Many regional banks, said Ryan Nash, managing director of the financials group research at Goldman Sachs, have "exposure to high-risk commercial real estate areas, such as offices.”

Because property values have declined as office vacancies have increased in many cities across the US, many banks are expected to encounter challenges with their commercial real estate portfolios.

"A lot of real estate isn’t so good any more,” Charlie Munger, vice chairman of Berkshire Hathaway (BRK.B), recently warned. "We have a lot of troubled office buildings, a lot of troubled shopping centers, a lot of troubled other properties. There’s a lot of agony out there.” 

It is not just commercial real estate that is a threat to the economy, says Elon Musk, CEO of Tesla (TSLA) and founder of SpaceX. According to the serial entrepreneur, residential real estate is also overheating. The bubble has not burst yet, because the job market remains strong for now, but he fears that this calm may not last. This is apparent from an exchange he had in a recent thread on Twitter.

'Tragically Accurate'

"The mortgage payment needed to buy the median priced home for sale in the US has moved up to $2,566, a new all-time high,” tweeted market expert Charlie Bilello, with a graph of data from Redfin to back his claim.

"WHY ISN’T IT CRASHING,” asked Billy Markus, the co-founder of the Dogecoin cryptocurrency, of which Musk is the biggest influencer.

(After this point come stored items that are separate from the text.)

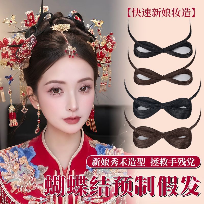 漢服かつら新中国式プレハブ頭二重蝶ネクタイ髪包秀禾花嫁怠け者三分減齢造形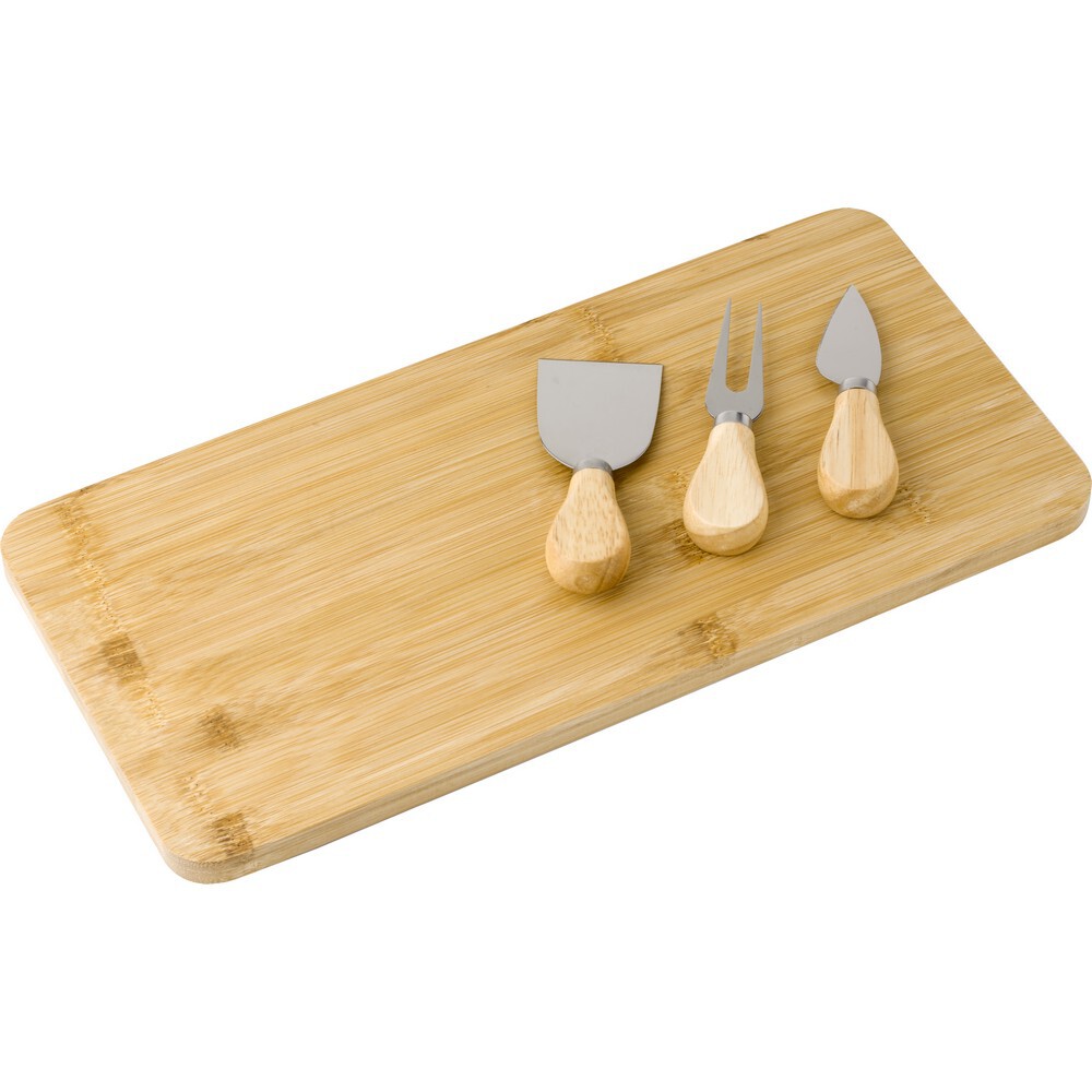 Zestaw do sera, bambusowa deska do sera, nóż, widelec i łopatka do sera, pakowany w kartonowe pudełko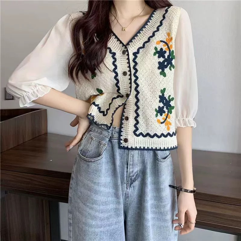 Retro thin V-neck cardigan with puff sleeves and hollow embroidery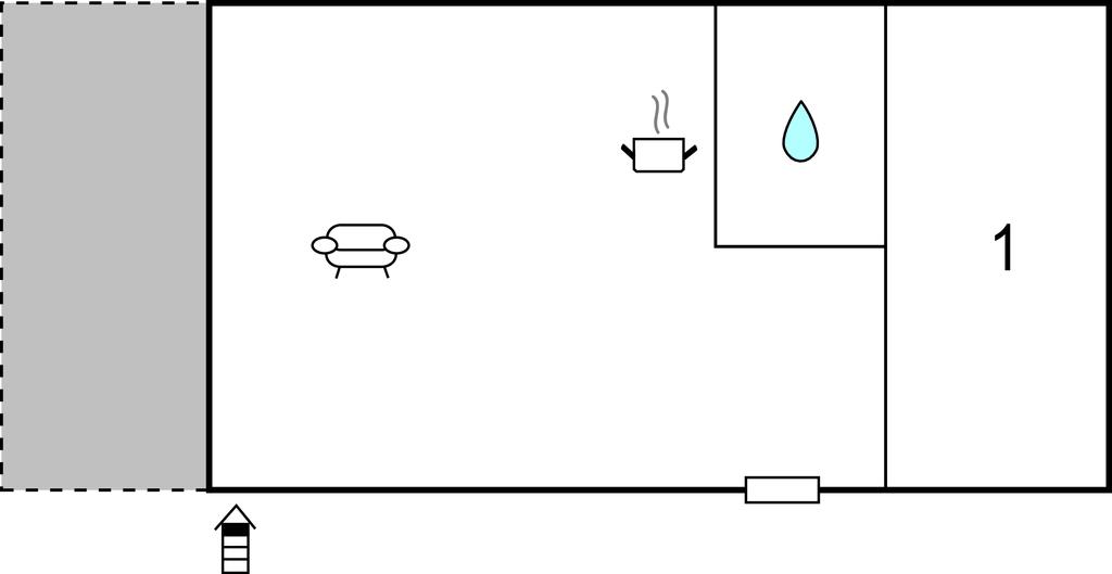Komb. spisestue/køkken 13m2 - 2 Sovepladser. (Sofa, madras eller lignende).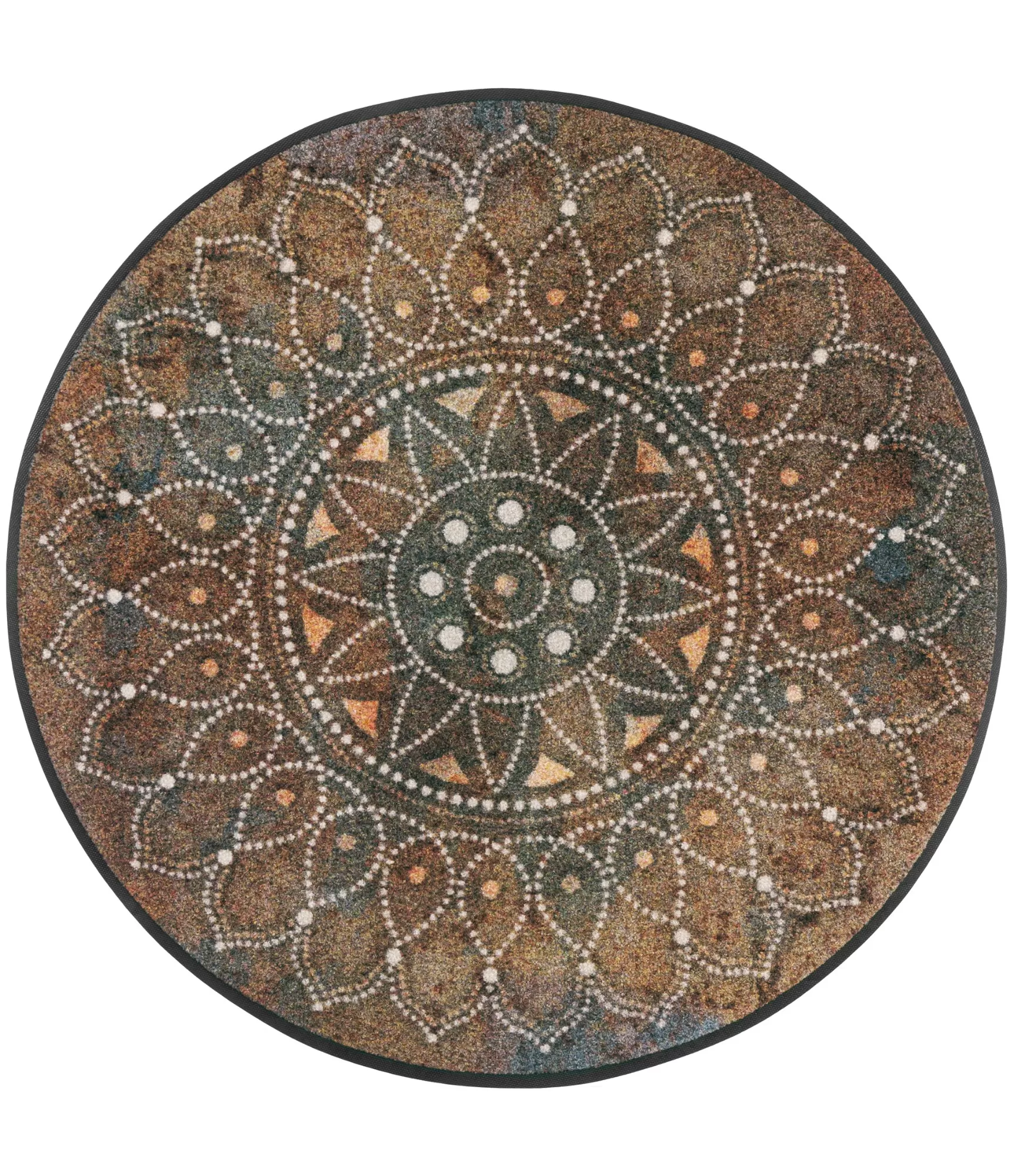 Viens no populārākajiem mūsu paklāju dizainiem tagad pieejams arī apļa formā. Paklājā dominē silti brūnie toņi, kas piešķir interjeram omulību un siltumu. Uz paklāja attēlots smalks "dzīvības zieda" raksts, kas piešķir eleganci un saskaņotu vizuālo akcentu jebkurai telpai.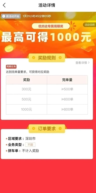 累计完单满500单奖励300元。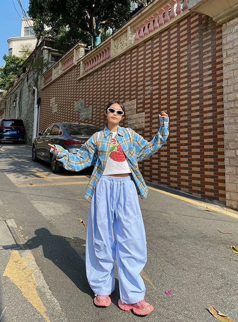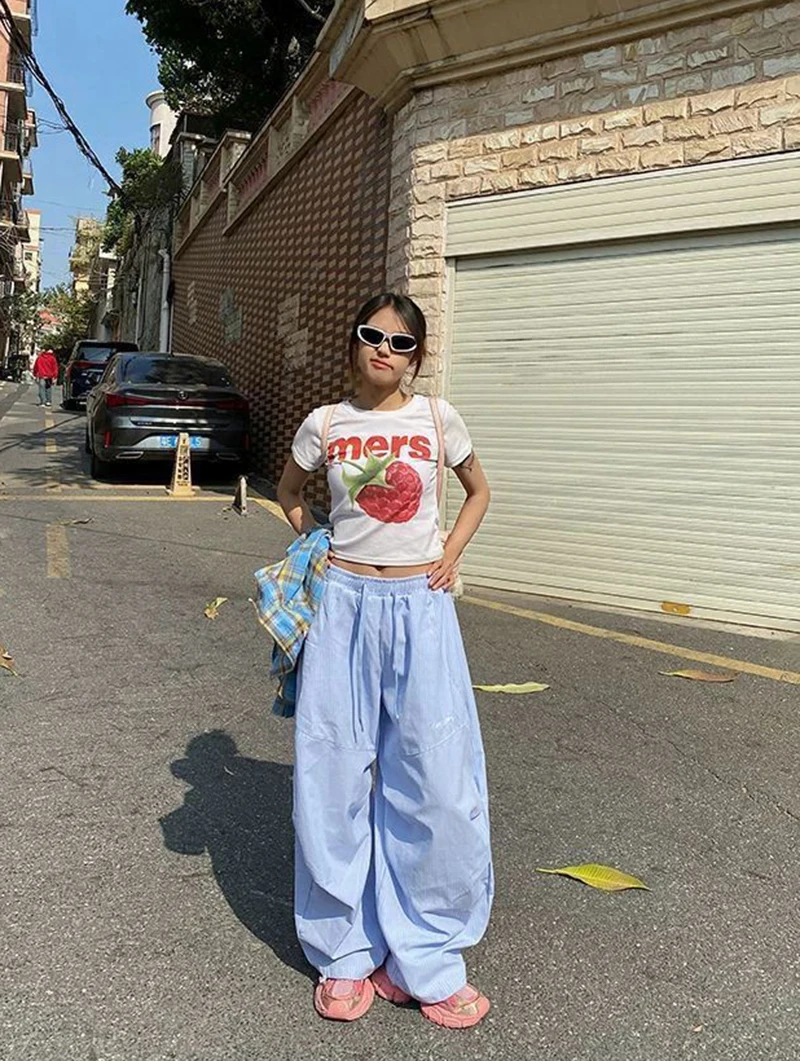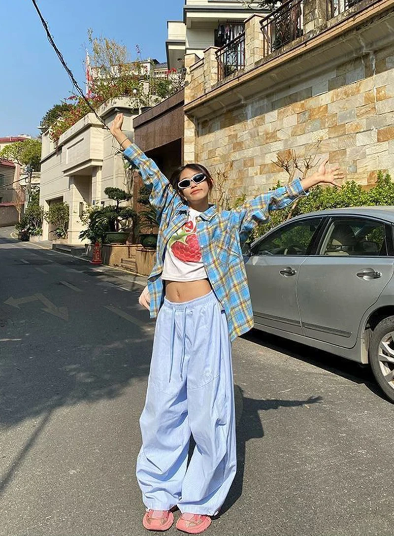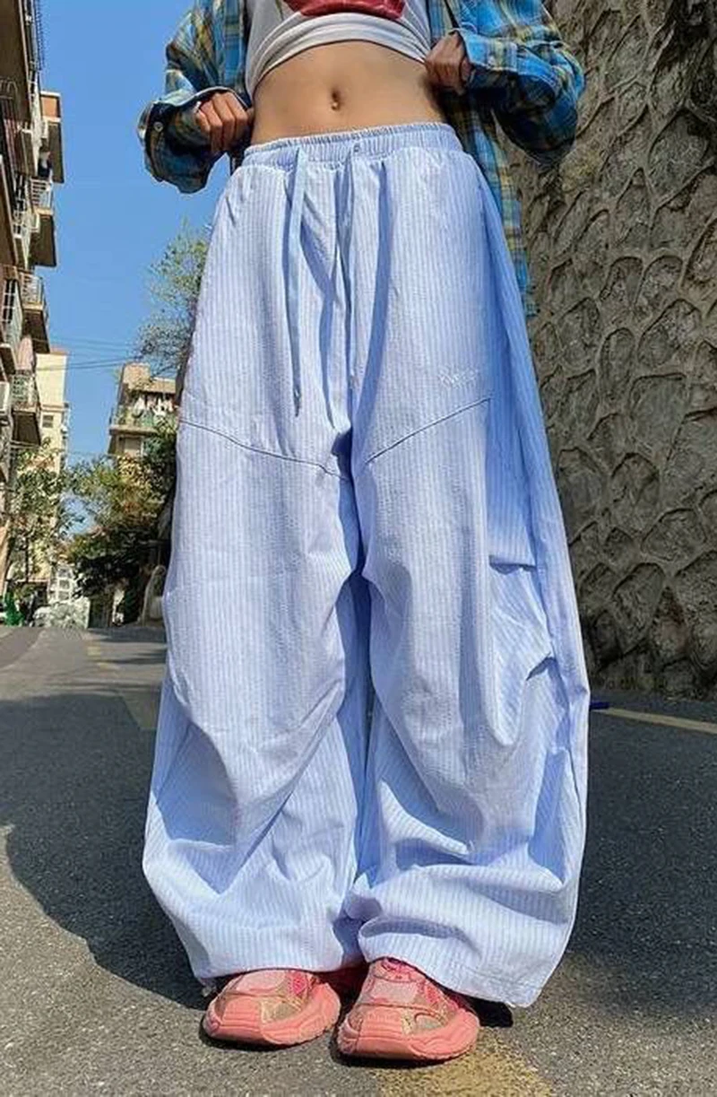 LIZAKOSHT - Women Striped Jazz Dance Pants Blue Loose Casual Lazy Wide Leg Pants Harajuku Y2K Summer American Streetwear Cargo Pants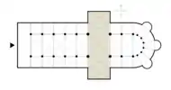 — (Joris-Karl Huysmans, La Cathédrale, Plon-Nourrit, 1915)[…] ; la forme de l’église est celle de la basilique ancienne à croix latine, au transept visible seulement par les voûtes ; […].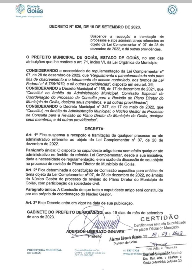 O prefeito da cidade de Goiás, Aderson Gouvea (PT), assinou um decreto suspendendo a recepção e tramitação dos processos da lei complementar n° 07, que permite a construção de condomínios ilegais em áreas de preservação ambiental. Ativistas ambientais, no entanto, dizem que a atitude é uma espécie de “cortina de fumaça” devido a repercussão negativa da legislação.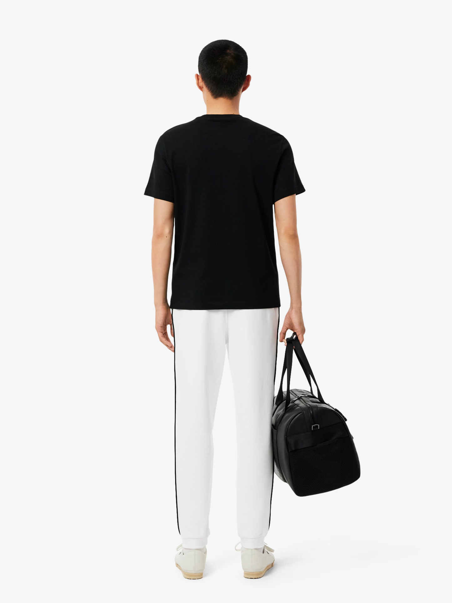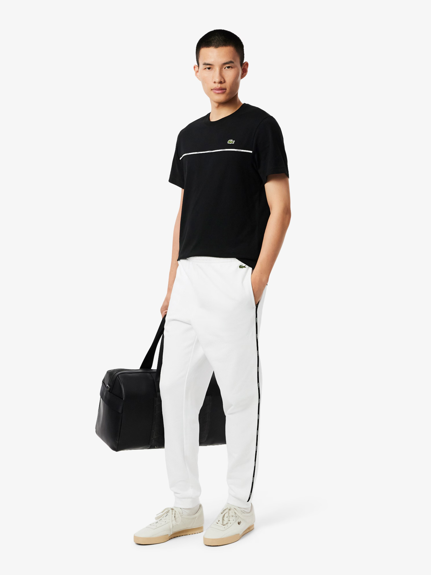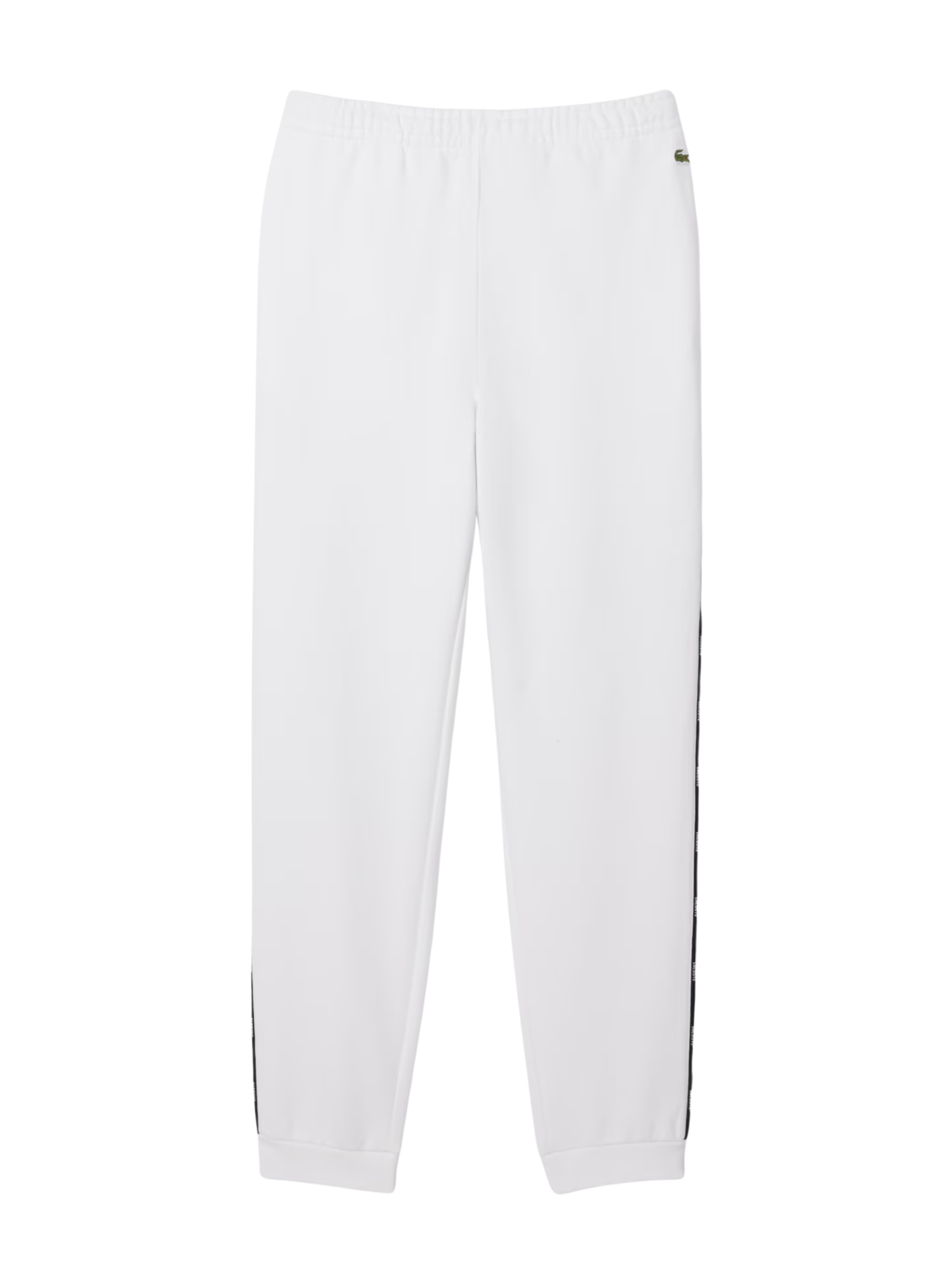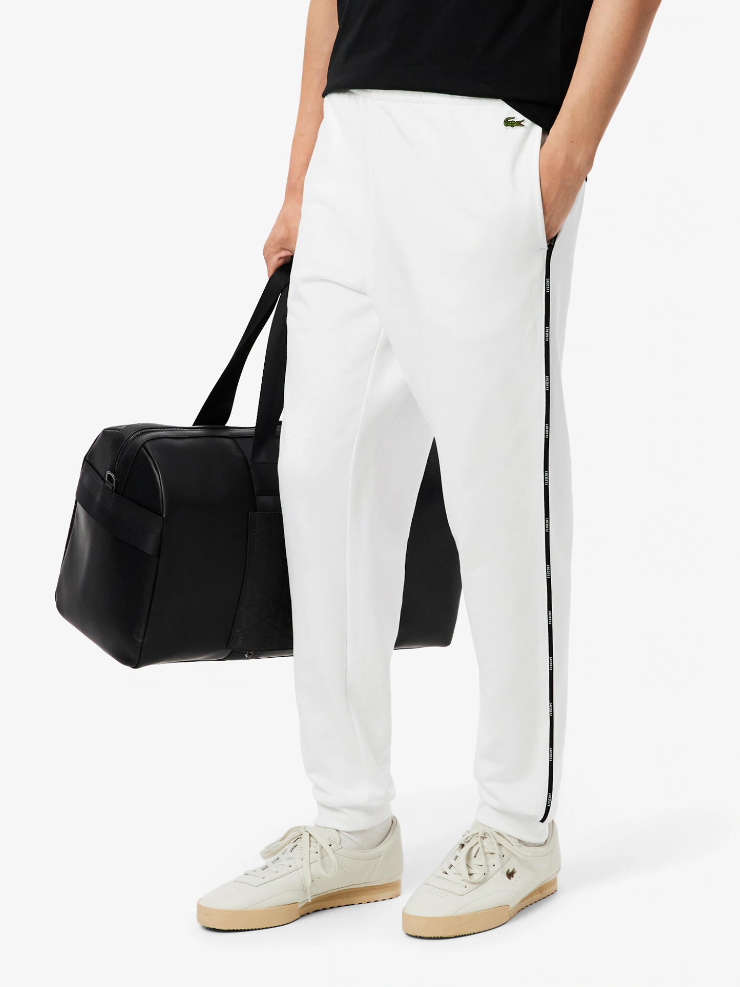 Sweatpants packed with signature details from Lacoste, sportswear creators since 1933. A bold style in comfortable cotton fleece, with a tapered cut and iconic logo trim down the leg. The perfect blend of fashion and sportswear, finished with an embroidered signature crocodile.

"Existing people in houses can't afford to sell— existing being renting can't afford to buy,” Chen Fang, Chief Operating Officer of BitGo, a digital asset trust company and security company, replied. "We are stuck in this limbo until the job market crashes and existing people with houses are forced to default on their mortgages sending the real estate market into the next death spiral 🌀”

This is where Musk stepped in to validate this analysis, going so far as to add a complete doom prophecy.

"Tragically accurate,” the billionaire, who has become the face of today’s American capitalism, concluded.

Basically, we have to be prepared for a deterioration in residential real estate as well.

One of the negative effects of the banking crisis of confidence is that it has pushed banks to turn off the credit tap. It is more and more difficult to obtain a mortgage, because the banks, which want to preserve their liquidity, have added more strict criteria to grant the credit. 

Between this and the interest rates that have been rising due to the Fed's monetary policy for over a year, credit has become expensive. Households thus find themselves with monthly payments that have increased sharply.